The cost of Brexit to June 2018

Insight
30 September 2018

The UK economy is 2.5 per cent smaller than it would be if the UK had voted to remain in the European Union. The latest update of the Centre for European Reform’s calculation of the cost of Brexit in the second quarter of 2018 shows the damage is growing even though the UK has yet to leave the bloc. The knock-on hit to the public finances is now £26 billion – or £250 million a week.  

The culprit is the vote for Brexit, as our findings demonstrate. In June 2018, we published our first estimate of the cost of the decision to leave the EU, based upon a modelling exercise, and found that the British economy was 2.1 per cent smaller by the end of the first quarter of 2018. According to our revised model, which uses a broader set of data, the British economy was 2.5 per cent smaller in the second quarter of 2018 than it would have been if the referendum had gone the other way: the cost is growing.

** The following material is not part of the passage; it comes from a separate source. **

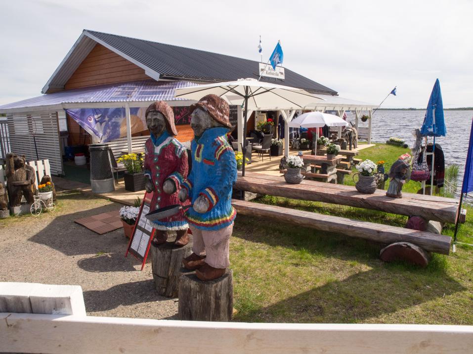 – Aloitimme tämän kahvilan pidon mieheni kanssa 12 vuotta sitten. Olen alusta alkaen tehnyt kaiken tarjolla olevan mahdollisimman pitkälle itse leipomuksista lohen suolaamiseen asti. Myös sisällä myymälässä olevat hopeakorut ovat osittain minun tekemiäni. Puukot ja kuksat ovat puolestaan lappilaisten käsintaitajien pajoista peräisin ja aitoa käsityötä siis, Anna Kangas kertoo.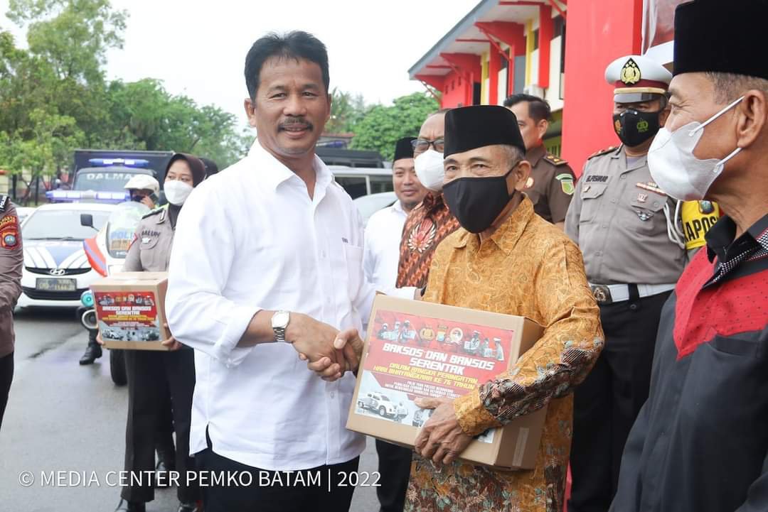 Wali Kota Batam Muhammad Rudi menghadiri pembagian sembako hari Bhayangkara ke-76, Senin (20/6). Foto: Diskominfo Batam

Our original estimate used a model developed by a group of academics who calculated the cost at 1.3 per cent of GDP in the third quarter of 2017. We have updated their method to take into account helpful feedback from various experts on our June estimate. We made the original model specifications and data available to everyone to ensure any gremlins, which are inevitable when conducting modelling exercises, were ironed out. Interested readers can turn to the appendix below, which explains how our revised model works. 

The basic aim of the CER’s cost of Brexit model is simple: to compare the ‘real’ UK to a UK that did not vote to leave the EU. We use data from other advanced economies to create a ‘synthetic’ UK that did not vote to leave the EU. To do this, we use a computer program to select – from a group of 22 advanced economies – those countries whose economic characteristics closely match the UK in the run-up to the Brexit referendum. It then combines them to form a doppelgänger UK. The program continues to chart how the UK doppelgänger did after the referendum – and we can then compare its performance to the real UK data. 

The CER’s synthetic UK is constructed using quarterly real GDP data and other economic indicators from the 22 advanced economies starting in the first quarter of 2009. The countries the program has selected include the US (whose growth rate makes up 50 per cent of that of the UK doppelgänger), Germany (28 per cent), Luxembourg (11 per cent), Iceland (10 per cent) and Greece (2 per cent).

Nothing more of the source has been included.